Habit and distribution:— Solitary, on soil, in southern subtropical monsoon forests dominated by plants of Fagaceae and Myrtaceae . Currently known from China.

Other collections examined:— CHINA. Guangdong Province: Guangzhou City, Tianhe District, South China Agricultural University , Arboretum , 23°09’27”N, 113°21’22”E, elevation 40 m, May 7, 2023, Jia Y GoogleMaps . Lin & Kun L . Yang , L2312 ( HTBM0845 ); same location, May 12, 2023, Jia Y . Lin & Kun L . Yang, L2331 ( HTBM0864 ) .

Phylogeny:— According to the BLAST search of ITS sequences in GenBank ( NCBI 2025), our collections HKAS147750, HTBM0845 and HTBM0864 represent a single species of Russula sect. Heterophyllae subsect. Amoeninae . Therefore, a phylogeny was inferred to classify our collections with representative collections of known species of this subsection and our collections as the ingroup, and a collection of Russula sect. Heterophyllae subsect.
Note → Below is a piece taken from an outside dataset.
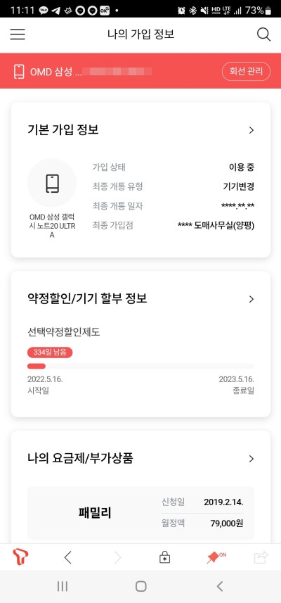 위와 같은 상황에서 단말기 할부정보 관련 항목이 보일 경우 본인의 휴대폰에 할부원금이 남아 있다는 의미이며 그렇지 않고 저와 같은 형태로 되어 있다면 있다면 가입 후 24개월이 지나 단말기 할부원금은 모두 납부되었거나(5GX클럽 제외) 자급제 또는 중고 휴대폰을 등록한 상태라고 생각하시면 됩니다.

Heterophyllae as the outgroup according to the phylogeny regarding this group in Boonmee et al. (2021), using the ITS locus available for most known species in this group ( Table 16; Supplement 17). In the result, the ML and BI topologies are almost identical, only with a minimal variation in statistical support, so only the tree inferred from the ML analysis is displayed ( Fig. 30). Our collections HKAS147750, HTBM0845 and HTBM0864 form an undescribed clade with significant support.
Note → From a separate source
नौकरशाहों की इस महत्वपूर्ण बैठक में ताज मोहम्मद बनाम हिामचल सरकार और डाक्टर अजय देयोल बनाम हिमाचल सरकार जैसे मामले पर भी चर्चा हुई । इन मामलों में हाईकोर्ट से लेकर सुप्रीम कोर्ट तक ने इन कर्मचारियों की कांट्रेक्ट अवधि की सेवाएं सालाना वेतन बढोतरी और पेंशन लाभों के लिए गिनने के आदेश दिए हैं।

Notes:— Species of Russula sect. Heterophyllae subsect. Amoeninae are distinct in the more or less felty pileus surface ( Wisitrassameewong et al. 2020) . The pileus colour of most species in this subsection are darker as reddish to violetish ( Wisitrassameewong et al. 2020), and thus Russula dulcicora is easily distinguished by its palely pinkish pileus. For another two species in this subsection also dominated by pinkish tinges in pileus color, namely R. bella and R. punicea , R. dulcicora can still be easily distinguished by its larger basidiospores ( Chiu 1945, Wisitrassameewong et al. 2020).